◆ RECORD SET ◆

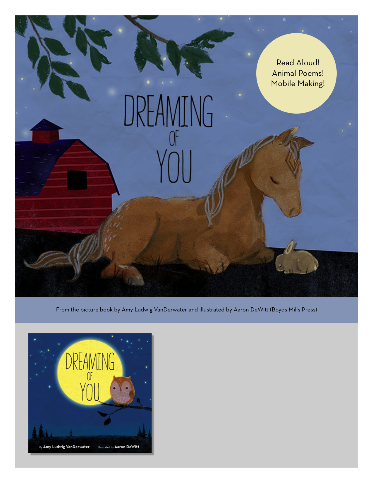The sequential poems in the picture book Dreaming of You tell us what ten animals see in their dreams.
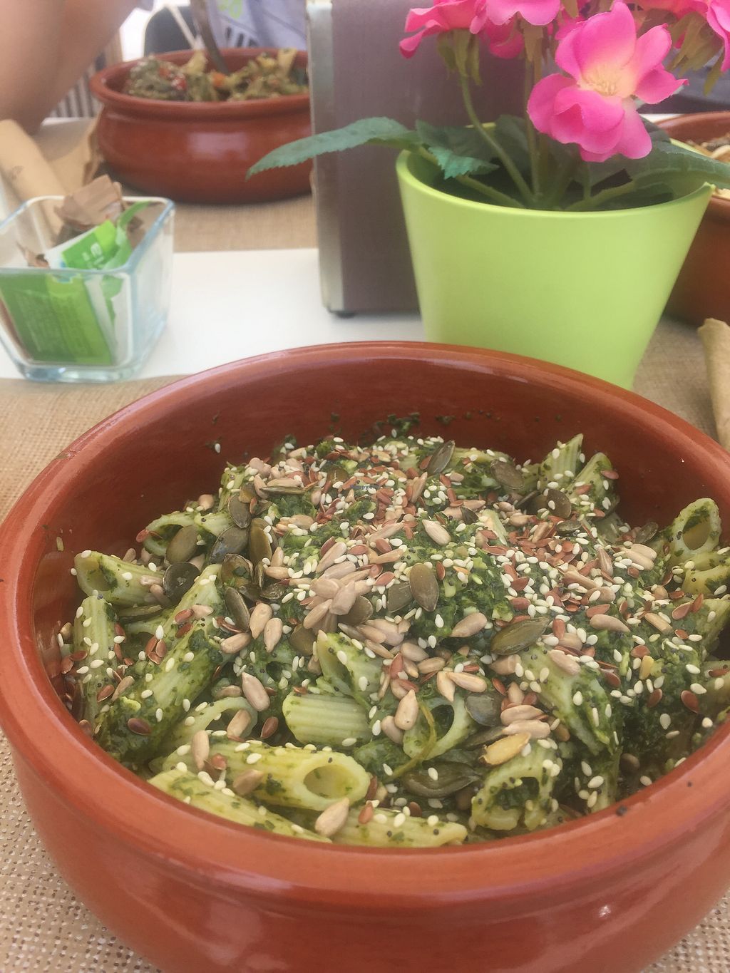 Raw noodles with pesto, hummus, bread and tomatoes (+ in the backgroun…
...
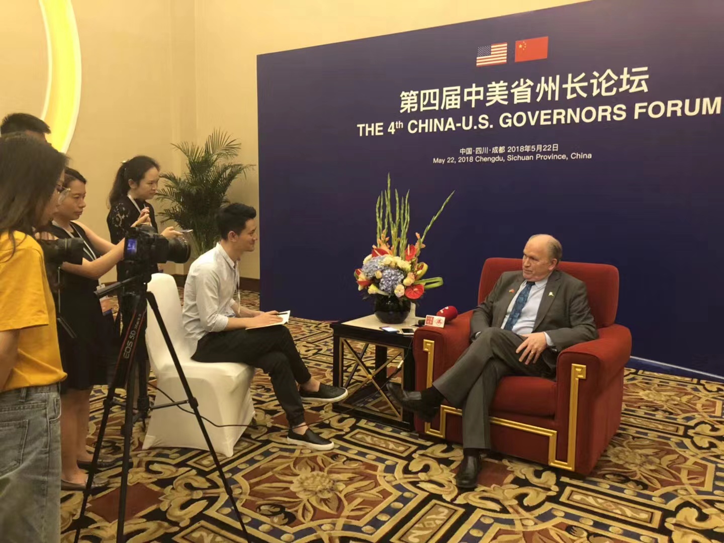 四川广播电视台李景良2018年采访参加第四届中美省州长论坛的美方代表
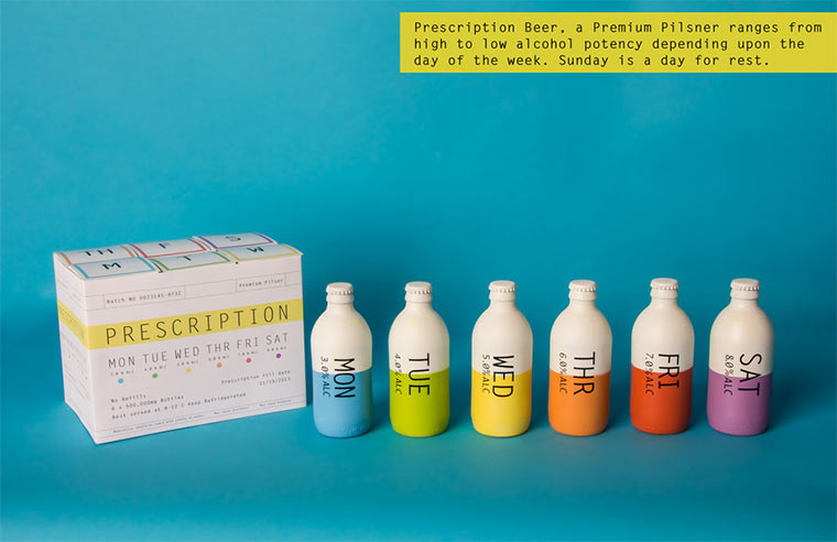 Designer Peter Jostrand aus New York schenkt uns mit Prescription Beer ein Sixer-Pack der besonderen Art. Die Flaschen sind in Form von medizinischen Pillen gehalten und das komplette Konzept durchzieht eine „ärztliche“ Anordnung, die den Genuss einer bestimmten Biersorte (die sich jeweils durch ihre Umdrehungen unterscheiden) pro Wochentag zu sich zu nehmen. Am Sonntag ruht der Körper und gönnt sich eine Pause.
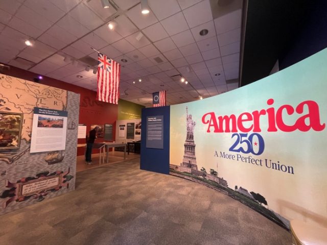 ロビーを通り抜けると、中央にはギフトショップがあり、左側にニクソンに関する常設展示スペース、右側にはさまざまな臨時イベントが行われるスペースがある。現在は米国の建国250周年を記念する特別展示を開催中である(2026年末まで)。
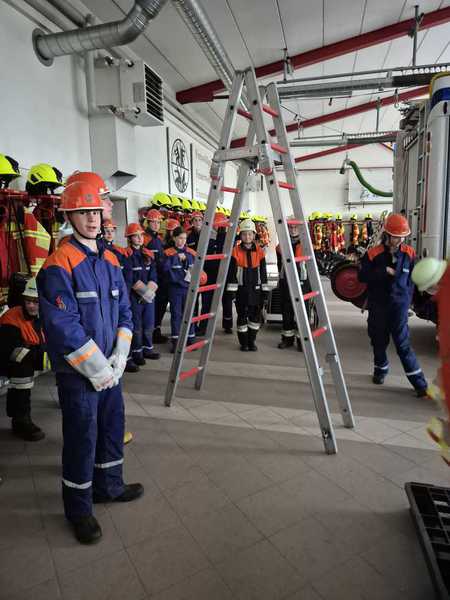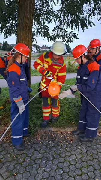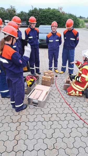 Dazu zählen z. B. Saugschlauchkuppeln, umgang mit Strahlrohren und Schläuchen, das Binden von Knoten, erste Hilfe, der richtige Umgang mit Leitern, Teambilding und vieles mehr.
...
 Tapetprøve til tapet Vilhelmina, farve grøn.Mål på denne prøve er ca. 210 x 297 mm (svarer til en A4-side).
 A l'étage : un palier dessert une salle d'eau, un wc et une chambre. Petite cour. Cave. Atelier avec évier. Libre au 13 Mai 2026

◆ WORK INSTRUCTION ◆
Beginning with the line above that contains "The sequential poems" and finishing with the line that contains "Raw noodles with", print those lines exactly and only. Skip all pictures.

◆ RESULT FOR THIS TASK ◆
The sequential poems in the picture book Dreaming of You tell us what ten animals see in their dreams.
 Raw noodles with pesto, hummus, bread and tomatoes (+ in the backgroun…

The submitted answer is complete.